* [ASSIGNMENT]: Give back an exact copy of the listing that follows, without the pictures.

* [PROVIDED MATERIAL]:
+ + +
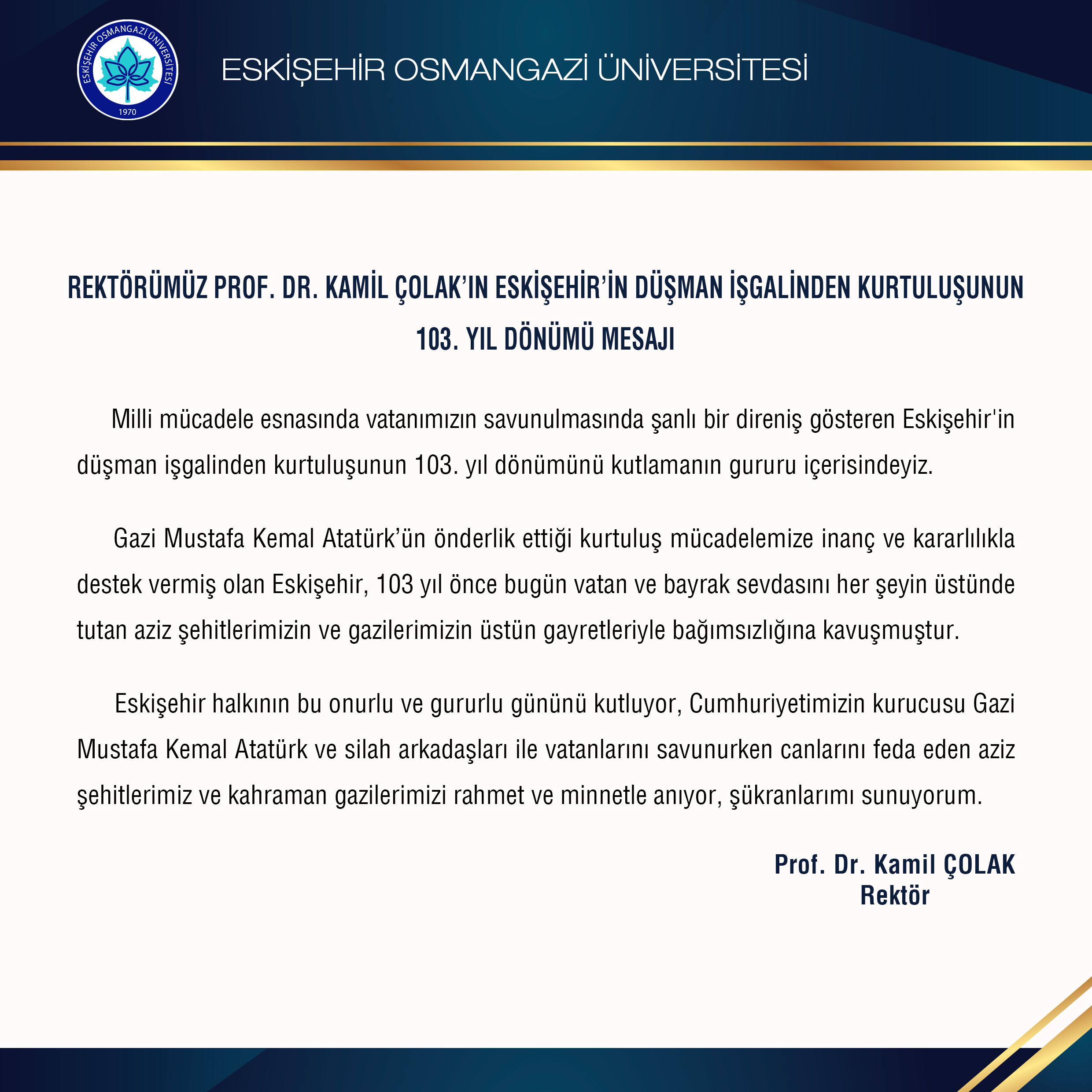 Rektörümüz Prof. Dr. Kamil Çolak’ın Eskişehir’in Düşman İşgalinden Kurtuluşunun 103. Yıl Dönümü Mesajı
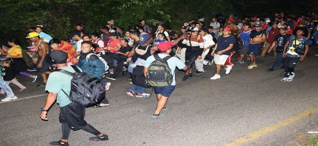 Los migrantes, que se mantenían en la plaza de Tapachula, en la frontera de México con Guatemala, salieron en caravana para exigir a EE.UU. que revoque la expansión del Título 42 que expulsa de forma inmediata a venezolanos que llegan por tierra a ese país.
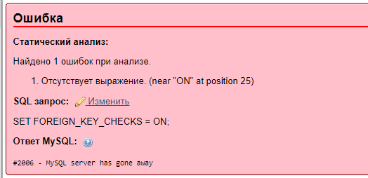 Уже нашёл выход, там синтаксис в бд исковеркан (записями наверно), попробовал залить отдельно проблемную таблицу - получилось
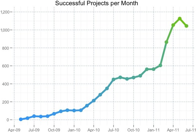 As you can see, it’s bottoming out. Steady growth in this display yields diminishing returns, as it will take quite a few people if they want to reduce that number from 23 to 20. And this graph shows a sudden peak in projects successfully funded (note that these graphs refer to different time periods, so don’t draw any conclusions by lining them up vertically):
+ + +
* [EXERCISE ANSWER]:
 Rektörümüz Prof. Dr. Kamil Çolak’ın Eskişehir’in Düşman İşgalinden Kurtuluşunun 103. Yıl Dönümü Mesajı
 Los migrantes, que se mantenían en la plaza de Tapachula, en la frontera de México con Guatemala, salieron en caravana para exigir a EE.UU. que revoque la expansión del Título 42 que expulsa de forma inmediata a venezolanos que llegan por tierra a ese país.
 Уже нашёл выход, там синтаксис в бд исковеркан (записями наверно), попробовал залить отдельно проблемную таблицу - получилось
 As you can see, it’s bottoming out. Steady growth in this display yields diminishing returns, as it will take quite a few people if they want to reduce that number from 23 to 20. And this graph shows a sudden peak in projects successfully funded (note that these graphs refer to different time periods, so don’t draw any conclusions by lining them up vertically):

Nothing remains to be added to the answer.